Records for processing:
◆ ◆ ◆

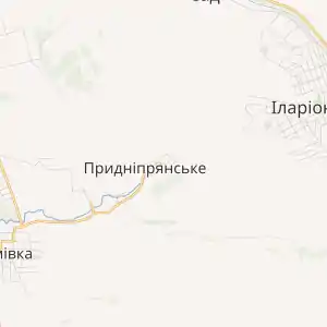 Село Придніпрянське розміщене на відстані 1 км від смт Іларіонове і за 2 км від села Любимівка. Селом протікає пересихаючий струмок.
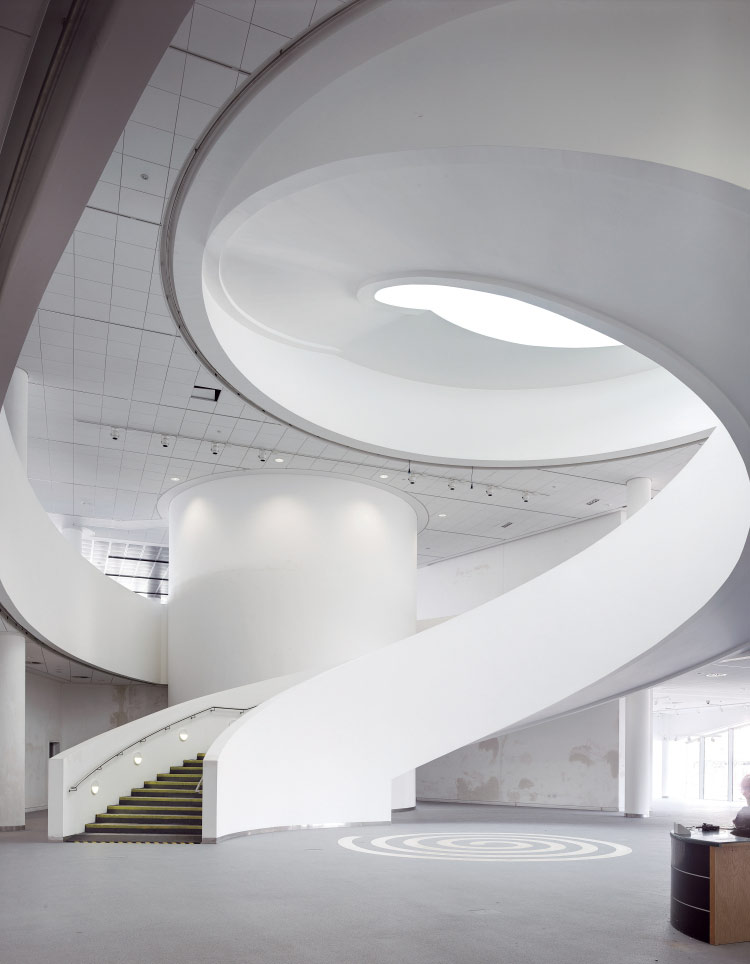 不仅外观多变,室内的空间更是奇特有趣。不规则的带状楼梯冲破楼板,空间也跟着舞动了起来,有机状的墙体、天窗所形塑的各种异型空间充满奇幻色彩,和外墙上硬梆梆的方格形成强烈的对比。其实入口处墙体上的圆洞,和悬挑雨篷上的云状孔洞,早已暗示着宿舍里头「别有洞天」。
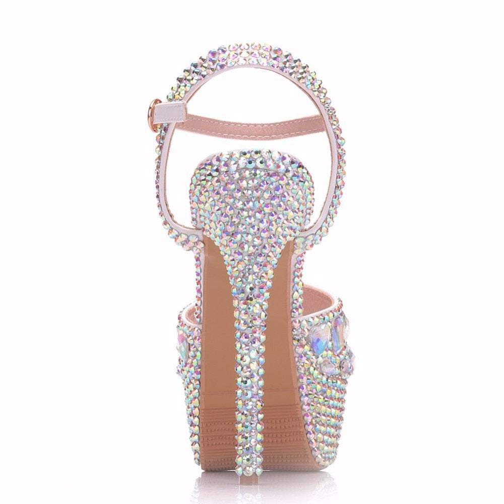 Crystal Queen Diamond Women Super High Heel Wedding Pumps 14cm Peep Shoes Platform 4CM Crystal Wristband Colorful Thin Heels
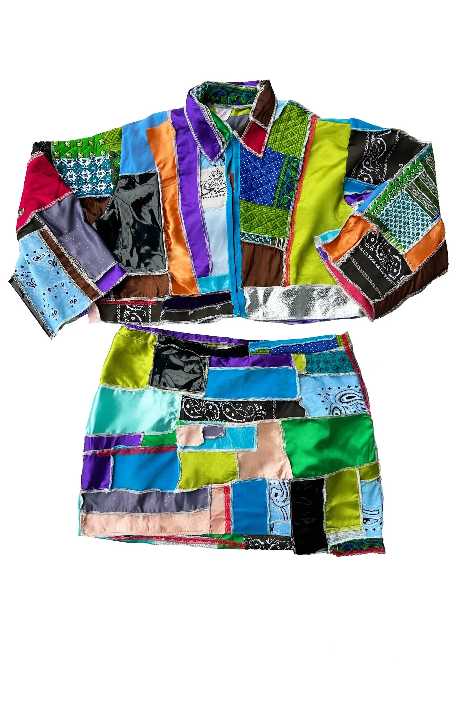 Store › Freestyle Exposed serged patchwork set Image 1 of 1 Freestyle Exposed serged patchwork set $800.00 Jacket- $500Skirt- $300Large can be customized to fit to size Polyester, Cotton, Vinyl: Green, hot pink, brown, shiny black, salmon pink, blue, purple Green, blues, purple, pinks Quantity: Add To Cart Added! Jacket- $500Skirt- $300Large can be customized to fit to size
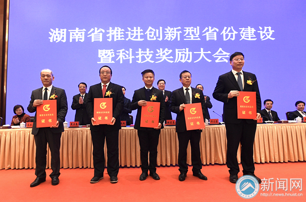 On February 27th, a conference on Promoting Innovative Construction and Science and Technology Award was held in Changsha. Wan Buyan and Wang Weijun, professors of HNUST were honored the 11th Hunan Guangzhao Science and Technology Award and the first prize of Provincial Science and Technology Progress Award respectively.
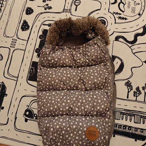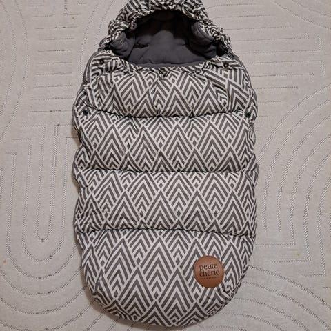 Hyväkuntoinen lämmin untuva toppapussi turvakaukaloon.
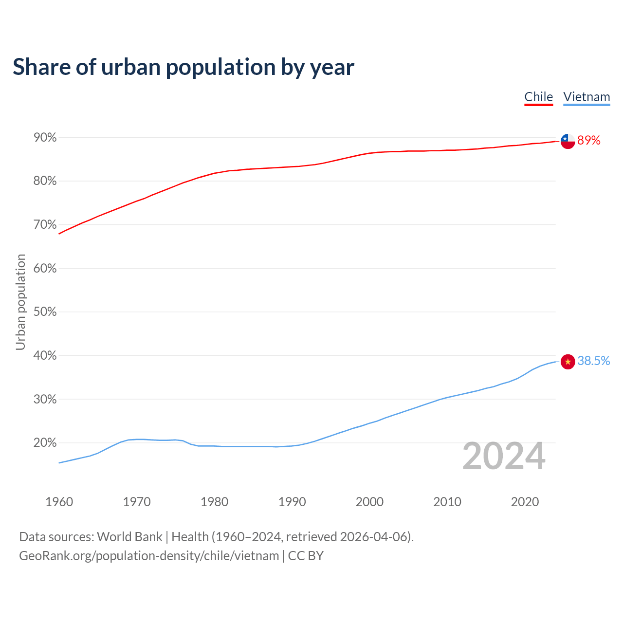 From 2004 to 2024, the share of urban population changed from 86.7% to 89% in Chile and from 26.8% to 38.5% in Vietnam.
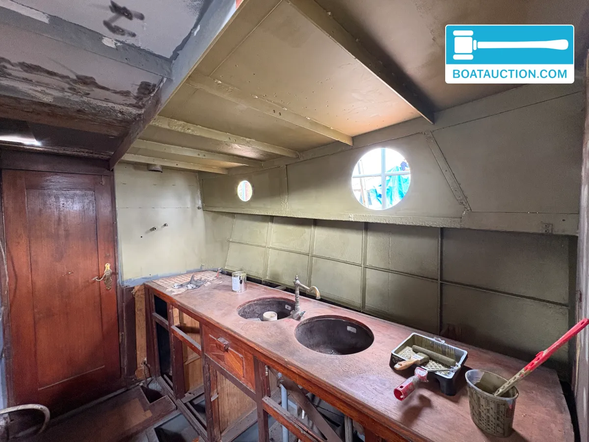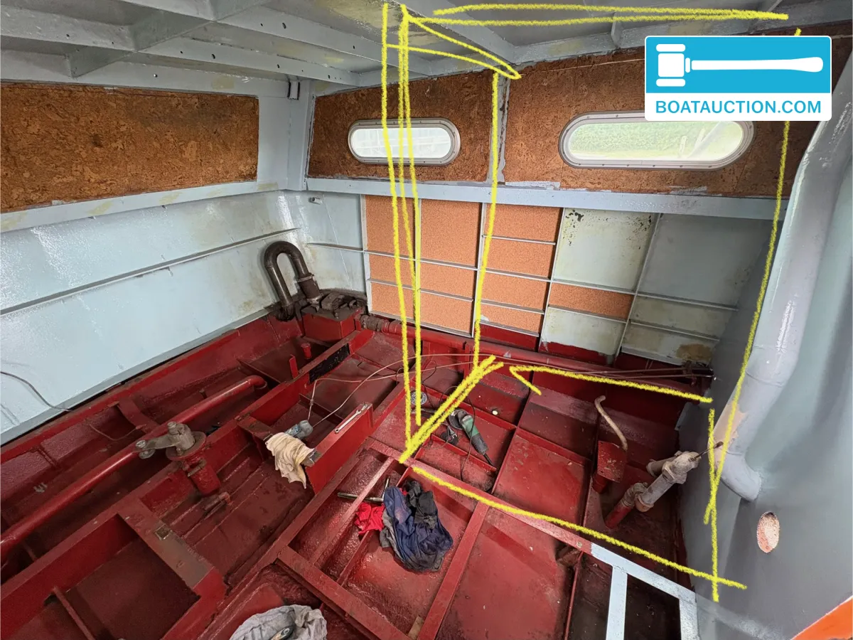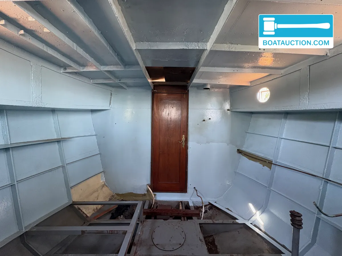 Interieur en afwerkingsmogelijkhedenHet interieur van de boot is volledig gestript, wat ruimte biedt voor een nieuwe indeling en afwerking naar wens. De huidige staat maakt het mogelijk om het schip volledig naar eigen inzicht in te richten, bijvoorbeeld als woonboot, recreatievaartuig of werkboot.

◆ ◆ ◆

Work order: Every line above is to be returned exactly, with its pictures removed.

Solution for this exercise:
 Село Придніпрянське розміщене на відстані 1 км від смт Іларіонове і за 2 км від села Любимівка. Селом протікає пересихаючий струмок.
 不仅外观多变,室内的空间更是奇特有趣。不规则的带状楼梯冲破楼板,空间也跟着舞动了起来,有机状的墙体、天窗所形塑的各种异型空间充满奇幻色彩,和外墙上硬梆梆的方格形成强烈的对比。其实入口处墙体上的圆洞,和悬挑雨篷上的云状孔洞,早已暗示着宿舍里头「别有洞天」。
 Crystal Queen Diamond Women Super High Heel Wedding Pumps 14cm Peep Shoes Platform 4CM Crystal Wristband Colorful Thin Heels
 Store › Freestyle Exposed serged patchwork set Image 1 of 1 Freestyle Exposed serged patchwork set $800.00 Jacket- $500Skirt- $300Large can be customized to fit to size Polyester, Cotton, Vinyl: Green, hot pink, brown, shiny black, salmon pink, blue, purple Green, blues, purple, pinks Quantity: Add To Cart Added! Jacket- $500Skirt- $300Large can be customized to fit to size
 On February 27th, a conference on Promoting Innovative Construction and Science and Technology Award was held in Changsha. Wan Buyan and Wang Weijun, professors of HNUST were honored the 11th Hunan Guangzhao Science and Technology Award and the first prize of Provincial Science and Technology Progress Award respectively.
 Hyväkuntoinen lämmin untuva toppapussi turvakaukaloon.
 From 2004 to 2024, the share of urban population changed from 86.7% to 89% in Chile and from 26.8% to 38.5% in Vietnam.
 Interieur en afwerkingsmogelijkhedenHet interieur van de boot is volledig gestript, wat ruimte biedt voor een nieuwe indeling en afwerking naar wens. De huidige staat maakt het mogelijk om het schip volledig naar eigen inzicht in te richten, bijvoorbeeld als woonboot, recreatievaartuig of werkboot.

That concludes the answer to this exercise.